### [Work required]
In the entries below, find the line containing "Tiger Woods's Inconvenient Women, Part Two" and the line containing "Children playing in". Copy those two lines and everything between them exactly, without the pictures.

### [Provided records]
☆ ☆ ☆ ☆

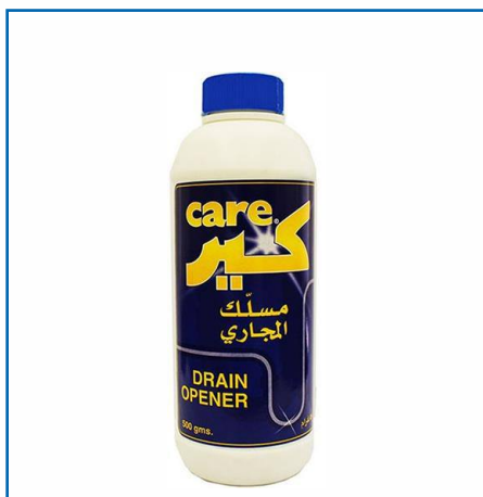
Solid Drain Opener
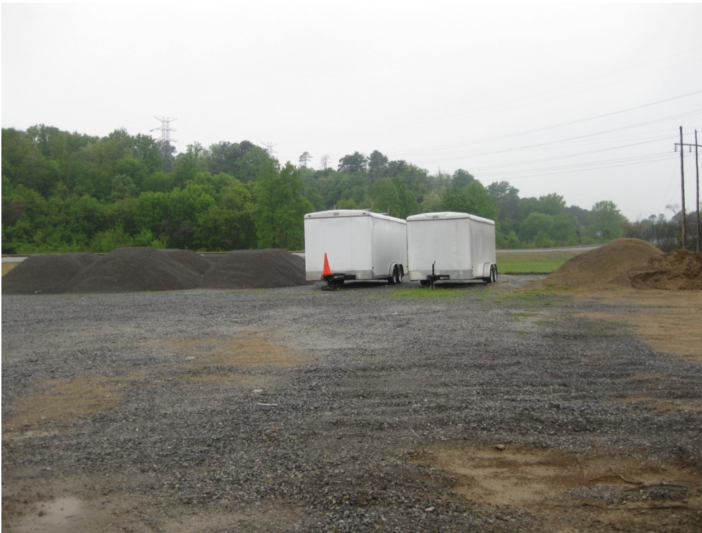
Figure 3: Interim Measures in Place at Fort Loudoun Dam

In 2003, TVA contracted with an external consultant to conduct a seismic hazard assessment. This study was completed in 2007 and included both probabilistic and deterministic analyses as required by FEMA 65 Earthquake Analyses and Design of Dams (FEMA 65). 8 Currently, TVA has contracted a consultant to gather information related to the population at risk and economies at risk. Based on this information, TVA will determine the MDE for each dam. Per FEMA 65, "Dams should be capable of withstanding the Maximum Design Earthquakes (MDE) without failure resulting in a catastrophic loss of the reservoir, or should
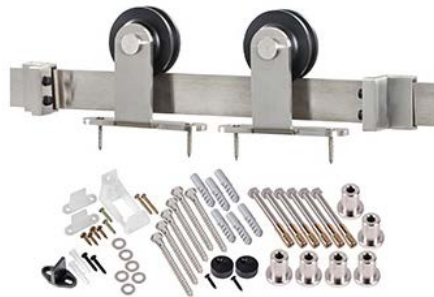
STOCKED IN MATTE BLACK AND STAINLESS STEEL (SHOWN)
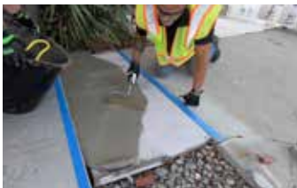
Applying Elephant Armor® using a GST Texture Roller.
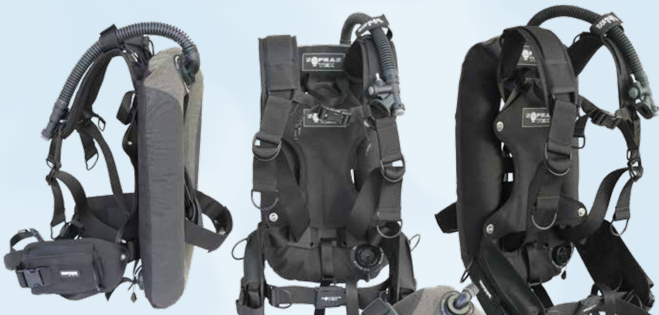
Harness 240170 + Donut (kevlar) 240044 + 240309 (black weight pockets)

Combination of our Harness Ultra Light Hard (using the small black anodized BP 219.97) with the Ultra Light Donut (available in 4 different colours). Very streamlined set up suitable for single tank diving. Pockets can be in the same colour as the donut. The polstering on the plate and shoulder padding ensures maximum comfort. Adjustable harness strap system. The crotch strap in 25mm webbing and coupled with a chest buckle ensure perfect fit. Quick release weight pockets (available in 5 different colours, see page 7) on the waist strap. All the rings and the waist buckle are in black anodized aluminium for minimum weight.
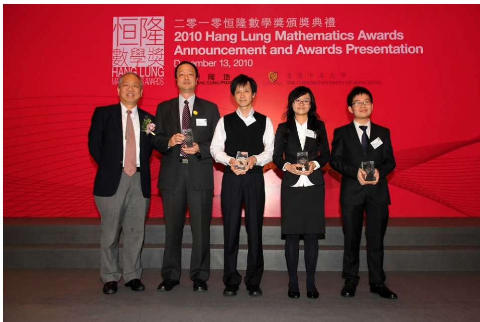
Prof. Shing-Tung Yau (left 1) and the winning team from Po Leung Kuk Centenary Li Shiu Chung Memorial College
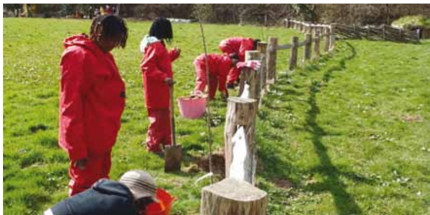
: Top Photo: GX Team Mozambique Bottom Photo: GX Team Development Programmes
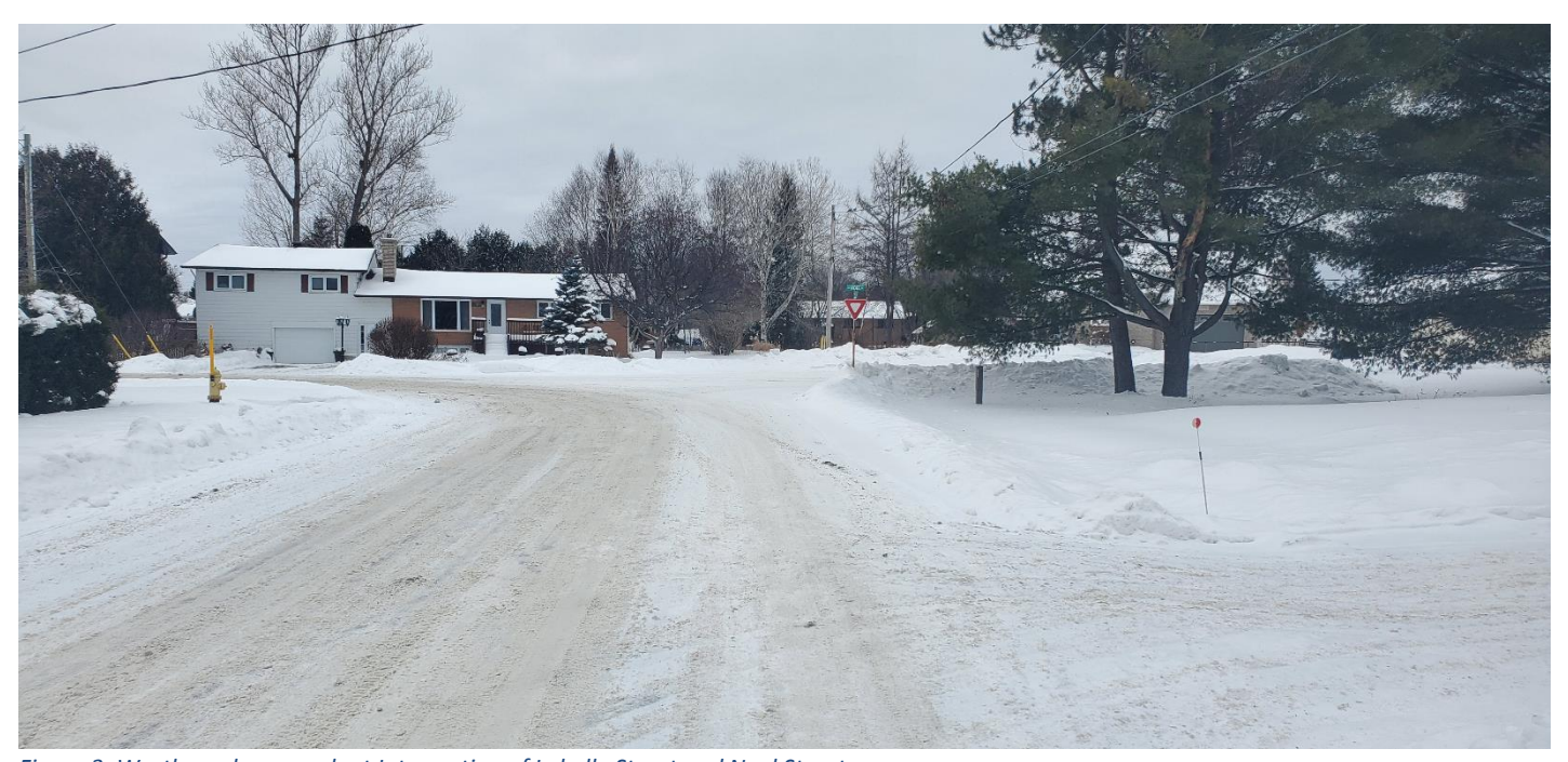
Figure 3: Westbound approach at Intersection of Labelle Street and Noel Street
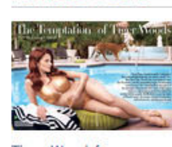
Tiger Woods's Inconvenient Women, Part Two
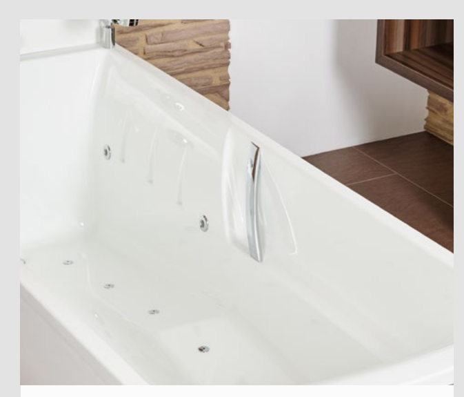
Large armrests with high quality handles offer safety and comfort to bathers
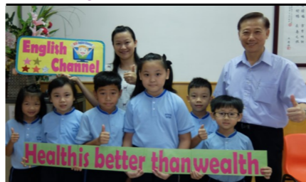
Health is better than wealth.
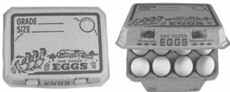
3 x 4 Egg Box, Vintage Style Item Number: FHP-34V

EggCartons.com offers a complete line of cartons along with everything you need to set up your own egg business.
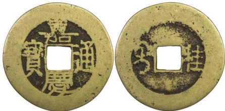
696. QING: Jia Qing , 1796-1820, AE charm (4.15g), Guangxi Province, Burger 2016 p.102, gui in Manchu and gui in Chinese on reverse, "poem cash" privately made later casting, evenly worn F-VF $75 - 100
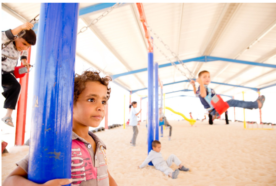
Children playing in a UNICEF/Save the Children Child Friendly Space in Za'atri camp, Jordan.

• Turkey - In preparation for the new academic year, AFAD will be providing a prefabricated school with in Adiyaman Camp. UNICEF, UNHCR and UNFPA are working on the development and roll-out of libraries in the camps, including the supply of books. A back-to-school shoe distribution campaign was launched on 15 August to distribute 80,000 pairs of shoes to children in all camps through the Turkish Red Crescent Society. The distribution of shoes was provided to encourage children to attend school and provide additional protection as the weather gets colder.
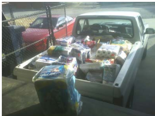
We collected two truckloads!
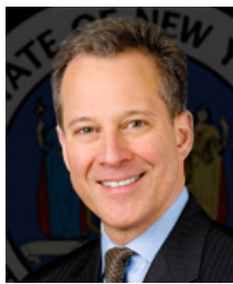
Attorney General Eric T. Schneiderman

Face scrubs, body washes, even some toothpastes include tiny plastic microbeads that enter the wastewater stream and end up in our lakes and streams. My office's Environmental Protection Bureau is working to ban microbeads from personal care products.
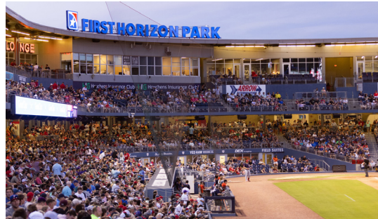
1 First Horizon Park - 0.3 Miles
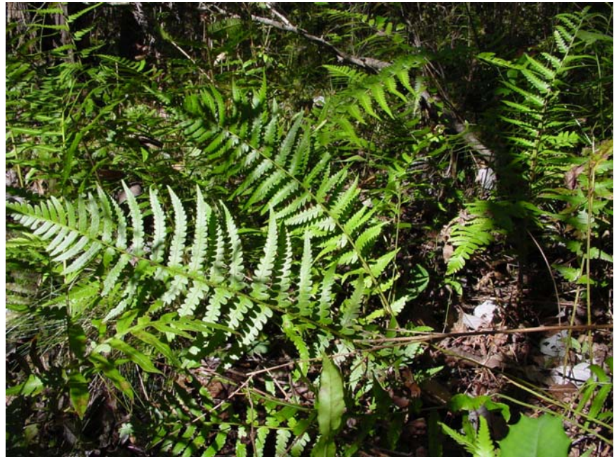
Dryopteris ludoviciana growing in a forested seep in Bienville Parish.
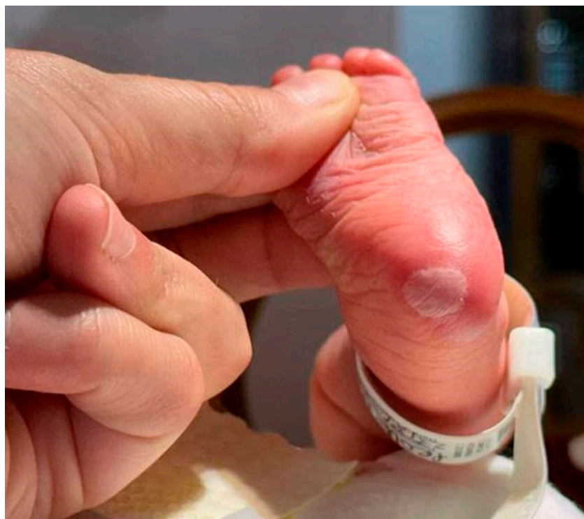
Figure 1. a-b) Single plantar erythematous bullous lesion present since birth.
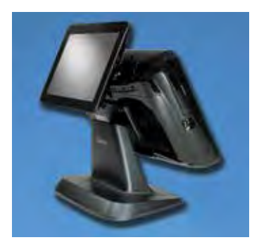
Optional Integrated 9.7" Rear LCD Customer Display (NCC Reflection POS for Windows)
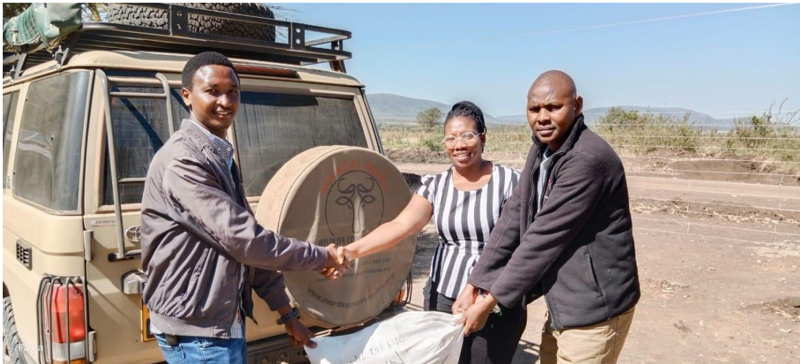
Pic 7: captures the Enarau Conservancy Manager receiving indigenous seeds from Maasai Mara Wildlife Conservancies Association.

Enarau Conservancy received certified indigenous tree seeds donated by MMWCA during the quarter. This has increased species diversity in the tree nursery, with new species such as Croton megalocarpus , Acacia abyssinica , Acacia Nilotica now being grown in the nursery.
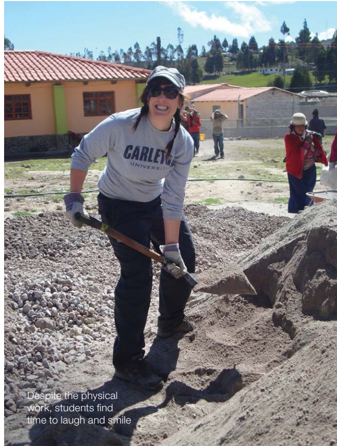
Despite the physical work, students find time to laugh and smile
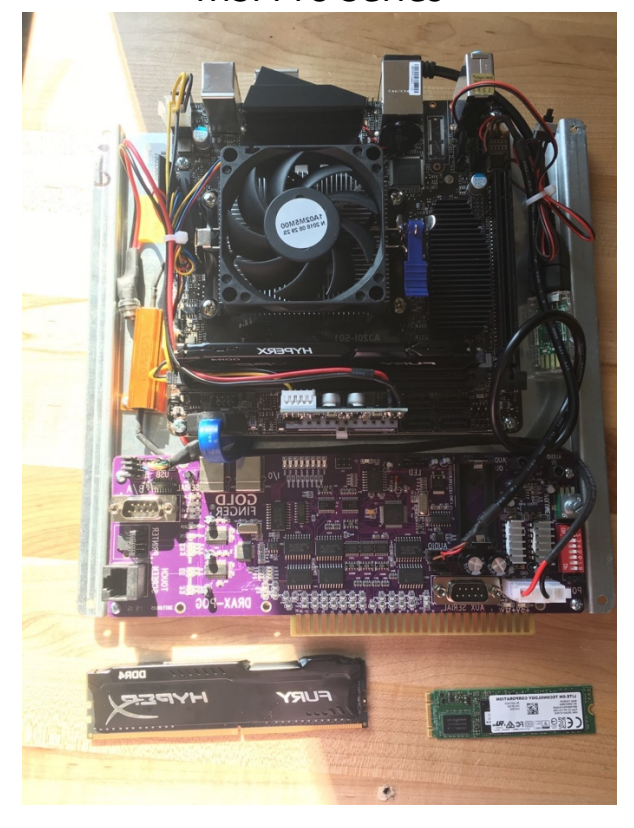
MSI Pro Series

The MSI Pro Series motherboard uses DDR4 RAM and comes with a Plextor hard drive. The hard drives on these boards are mounted on the back of the board.
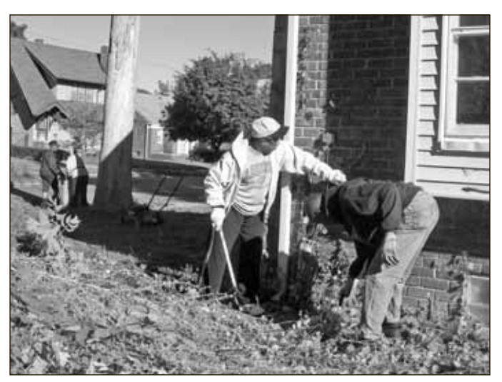
Neighbors tackle some weed trees growing next to the abandoned home.
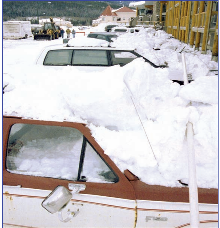
Photo 4 – A snow retention code needs to be put in place to help prevent injury to people and damage to property.

There are many other codes in place to protect people and property, so why not for snow retention? We have codes for wind uplift and ICC test standards for product failures due to wind and moisture penetrations, to name a few. How many life-threatening events ( Photo 4 ) need to occur before we do the right thing when it comes to a code for snow retention on roofs?
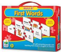
Foreign Word Match: First Words

Cell phones that speak in English and Spanish.
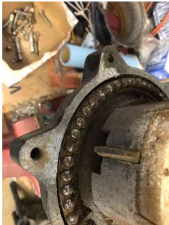
Middle race can be cleaned and greased.
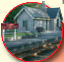
Castletown Railway Station
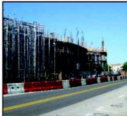
Longitudinal Channelizing Barricade
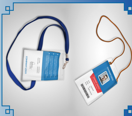
ID CARD SPONSOR
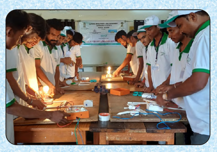
Action Photo of Garelu Vidhyut Upkaran Seva Udyami

☆ ☆ ☆ ☆

### [Result of the task]
Tiger Woods's Inconvenient Women, Part Two
Large armrests with high quality handles offer safety and comfort to bathers
Health is better than wealth.
3 x 4 Egg Box, Vintage Style Item Number: FHP-34V

EggCartons.com offers a complete line of cartons along with everything you need to set up your own egg business.
696. QING: Jia Qing , 1796-1820, AE charm (4.15g), Guangxi Province, Burger 2016 p.102, gui in Manchu and gui in Chinese on reverse, "poem cash" privately made later casting, evenly worn F-VF $75 - 100
Children playing in a UNICEF/Save the Children Child Friendly Space in Za'atri camp, Jordan.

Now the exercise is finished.